Definition
Autoimmune hemolytic anemia is a blood disorder characterized by the presence of abnormal antibodies directed against red blood cells; these immune cells bind to the red blood cell membrane, reducing their survival and causing their premature destruction by hemolysis.
This form of hemolytic anemia of immune origin recognizes various causes.
Depending on the reactivity at the temperature at which the antibodies bind to the red blood cells it is possible to distinguish haemolytic anemia from hot autoantibodies (in which the antibodies are active at a temperature equal to or above 37 ° C), a cold antibody disease (the reaction occurs at lower temperatures) and mixed forms.
- Hemolytic anemia from hot autoantibodies is the most common form of autoimmune hemolytic anemia; this disease can occur spontaneously (idiopathic or primitive) or in association with certain diseases (including lymphoma, chronic lymphatic leukemia, SLE and other autoimmune diseases). For the most part, auto-antibodies are IgG with limited specificity; hemolysis occurs mainly in the spleen.
- Also the anemia of cold autoantibodies can be idiopathic (primitive) or secondary to lymphoproliferative syndromes and infections (especially mycoplasma pneumonias or mononucleosis). Infections tend to give rise to an acute disease, while idiopathic forms tend to become chronic. Antibodies are generally IgM and hemolysis occurs mainly in the extravascular system of mononuclear phagocytes in the liver. Cold autoantibody anemia includes cold agglutinin disease and paroxysmal fry hemoglobinuria.

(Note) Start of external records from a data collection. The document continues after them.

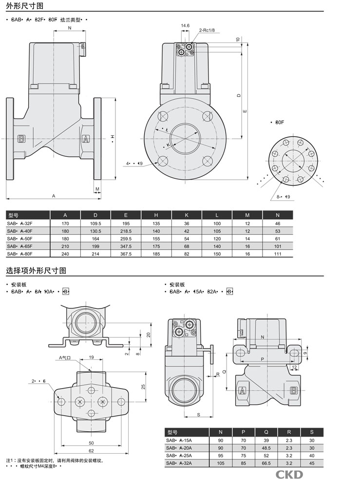 SAB1A-40F,SAB1A-50A,SAB1A-50F,SAB2A-8A,SAB2A-10A,SAB2A-15A,SAB2A-20A,SAB2A-25A,CKD氣控式2通閥
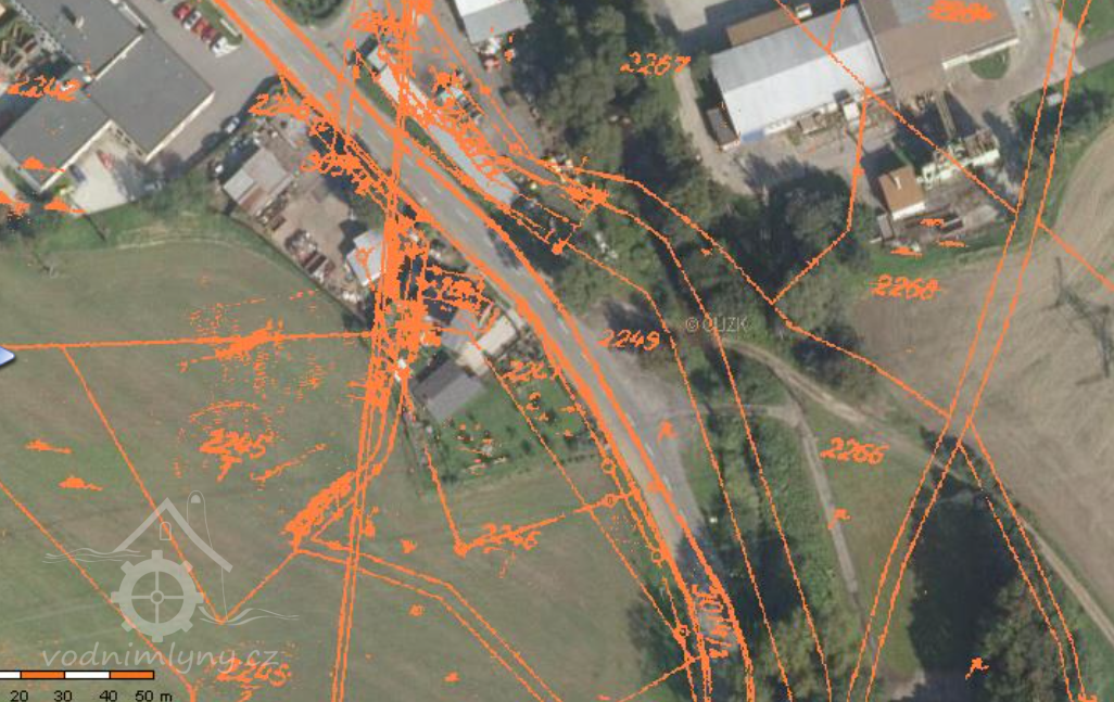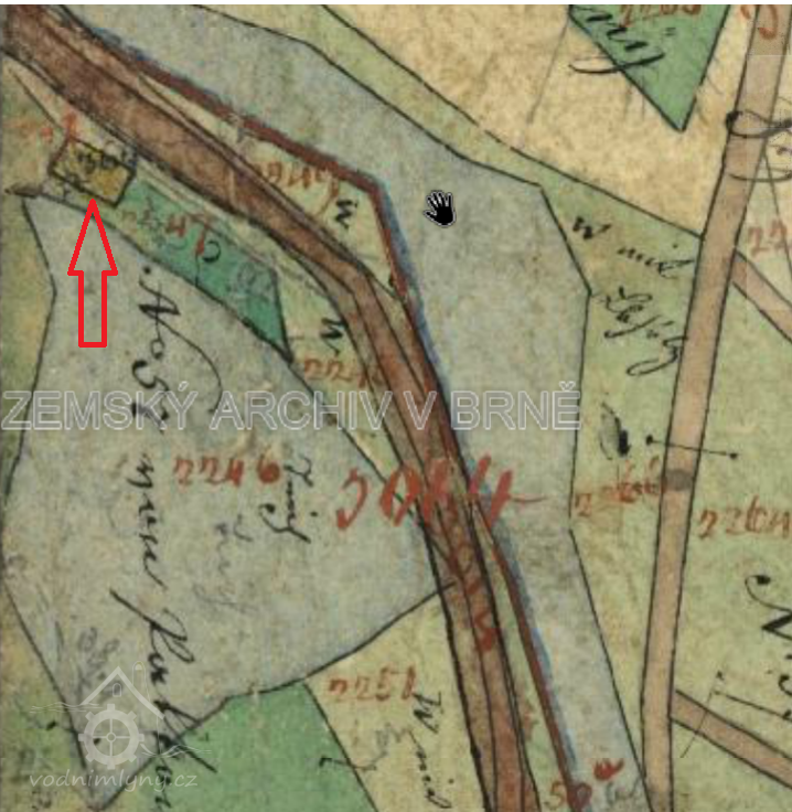 Malý mlýnek pod hrází rybníka pč. 2246 na levém břehu říčky Olešné nad jejím soutokem
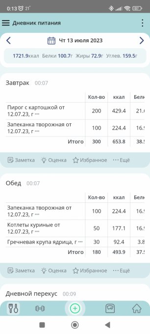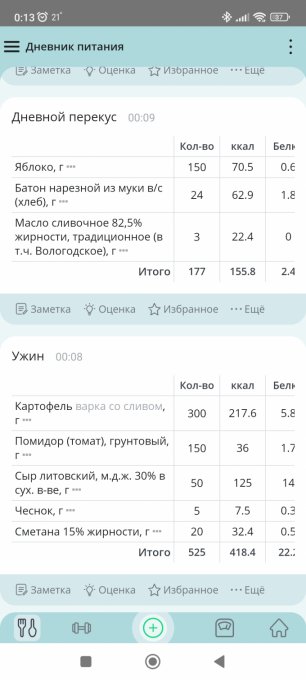 | Итого за день | 765 | 1832 | 70 | 76 | 206 |

An immunologically mediated erythrocyte lysis can also occur due to the intervention of alloantibodies in the transfusion hemolytic reaction (following transfusion of blood from an incompatible donor) and in the haemolytic disease of the newborn .
Finally, there are cases (around 10%) on an immunological basis that can be related to the previous intake of a drug . The mechanisms by which these medicines damage erythrocytes and induce hemolysis may be different (some drugs stimulate the production of autoantibodies against Rh antigens; others bind to the red blood cell membrane temporarily acting as haptens). Possible drugs that can cause hemolytic anemia include a-methyldopa, levodopa, high-dose penicillin, cephalosporins, quinidine and sulfonamides.
Most common symptoms and signs *
- Adynamia
- Anemia
- Asthenia
- Chills
- Cyanosis
- Dyspnoea
- Abdominal pain
- hemoglobinuria
- Hepatomegaly
- Temperature
- Shortness of breath
- Hypotension
- Jaundice
- Backache
- Headache
- Pallor
- Raynaud's syndrome
- splenomegaly
- Fainting
- Tachycardia
- Dark urine
- Dizziness
Further indications
Autoimmune hemolytic anemia can occur suddenly or develop gradually.
Depending on the severity of haemolysis, high fever, severe asthenia, malaise, headache and severe lumbar region pain may occur. The weakness induced by haemolytic anemia can be associated with tachycardia and dyspnea on exertion and, sometimes, syncope. In addition, jaundice, dark brown urine emission, hemoglobinuria and hepatosplenomegaly may occur.
In cold autoantibody disease, other signs may be present secondary to prolonged exposure to cold, such as acrocyanosis, Raynaud's syndrome or ischemic accidents associated with low temperatures.
Diagnosis is based on clinical or laboratory evidence of hemolysis. Treatment depends on the specific cause; possible approaches include corticosteroids, IV immunoglobulins, use of immunosuppressants, and splenectomy. In drug-induced cases, it is possible to evaluate the interruption of the administration of the causal agent to obtain remission of the disease.